(Dataset items)
┌──

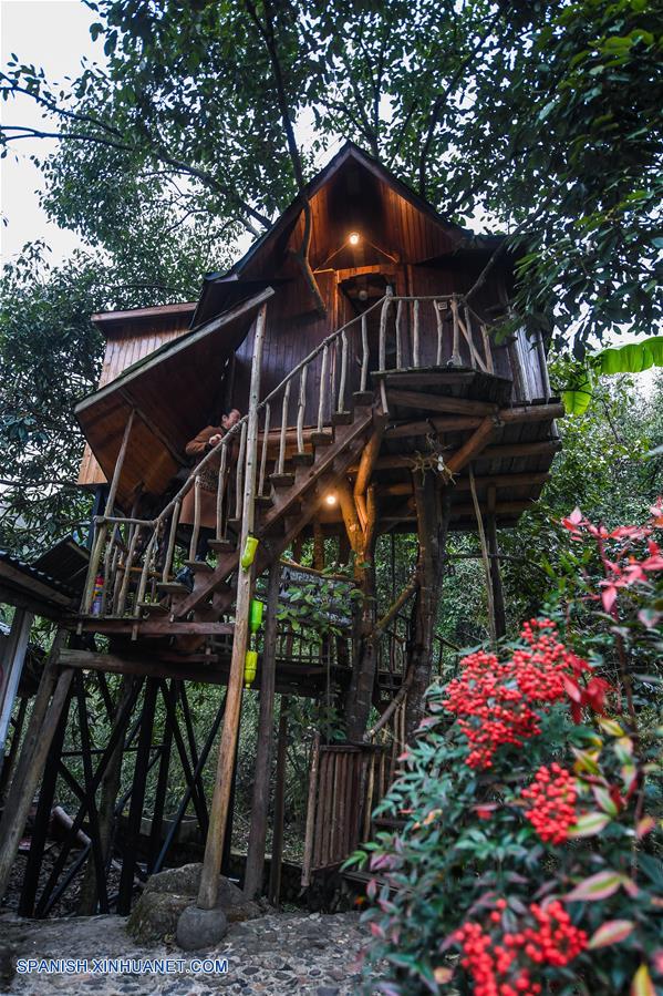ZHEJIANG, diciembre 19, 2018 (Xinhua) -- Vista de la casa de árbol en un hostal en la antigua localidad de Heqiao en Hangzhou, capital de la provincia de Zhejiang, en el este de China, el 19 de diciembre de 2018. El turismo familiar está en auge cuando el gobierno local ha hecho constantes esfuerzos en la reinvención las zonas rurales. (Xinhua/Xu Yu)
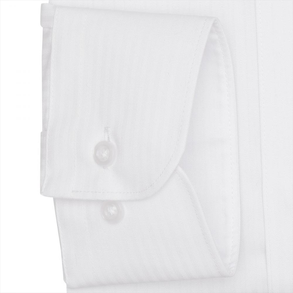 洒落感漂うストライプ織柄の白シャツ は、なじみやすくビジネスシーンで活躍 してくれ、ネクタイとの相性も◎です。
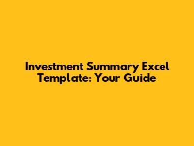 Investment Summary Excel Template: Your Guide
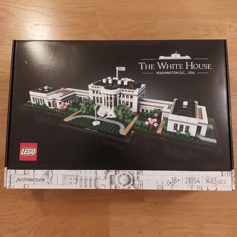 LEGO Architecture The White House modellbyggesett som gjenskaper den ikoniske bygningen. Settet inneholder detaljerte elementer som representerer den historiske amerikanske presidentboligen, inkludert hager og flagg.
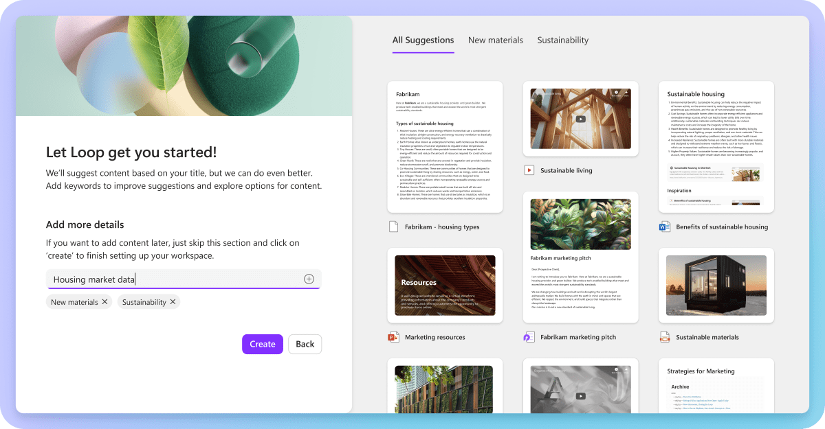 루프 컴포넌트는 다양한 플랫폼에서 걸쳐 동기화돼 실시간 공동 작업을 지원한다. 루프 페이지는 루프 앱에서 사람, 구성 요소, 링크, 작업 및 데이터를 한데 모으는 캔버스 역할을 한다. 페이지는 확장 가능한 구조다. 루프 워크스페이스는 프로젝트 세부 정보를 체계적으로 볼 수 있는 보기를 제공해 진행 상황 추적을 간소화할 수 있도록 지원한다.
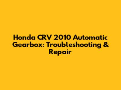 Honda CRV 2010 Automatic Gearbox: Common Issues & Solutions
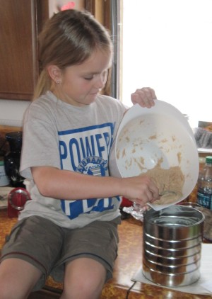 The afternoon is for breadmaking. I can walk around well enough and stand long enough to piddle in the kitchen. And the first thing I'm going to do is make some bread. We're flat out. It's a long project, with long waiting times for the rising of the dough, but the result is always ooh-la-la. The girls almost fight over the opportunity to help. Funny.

└──

Problem requirements: Apart from the pictures, every line above must be repeated exactly.

Task response:
ZHEJIANG, diciembre 19, 2018 (Xinhua) -- Vista de la casa de árbol en un hostal en la antigua localidad de Heqiao en Hangzhou, capital de la provincia de Zhejiang, en el este de China, el 19 de diciembre de 2018. El turismo familiar está en auge cuando el gobierno local ha hecho constantes esfuerzos en la reinvención las zonas rurales. (Xinhua/Xu Yu)
 洒落感漂うストライプ織柄の白シャツ は、なじみやすくビジネスシーンで活躍 してくれ、ネクタイとの相性も◎です。
 Investment Summary Excel Template: Your Guide
 LEGO Architecture The White House modellbyggesett som gjenskaper den ikoniske bygningen. Settet inneholder detaljerte elementer som representerer den historiske amerikanske presidentboligen, inkludert hager og flagg.
 루프 컴포넌트는 다양한 플랫폼에서 걸쳐 동기화돼 실시간 공동 작업을 지원한다. 루프 페이지는 루프 앱에서 사람, 구성 요소, 링크, 작업 및 데이터를 한데 모으는 캔버스 역할을 한다. 페이지는 확장 가능한 구조다. 루프 워크스페이스는 프로젝트 세부 정보를 체계적으로 볼 수 있는 보기를 제공해 진행 상황 추적을 간소화할 수 있도록 지원한다.
 Honda CRV 2010 Automatic Gearbox: Common Issues & Solutions
 The afternoon is for breadmaking. I can walk around well enough and stand long enough to piddle in the kitchen. And the first thing I'm going to do is make some bread. We're flat out. It's a long project, with long waiting times for the rising of the dough, but the result is always ooh-la-la. The girls almost fight over the opportunity to help. Funny.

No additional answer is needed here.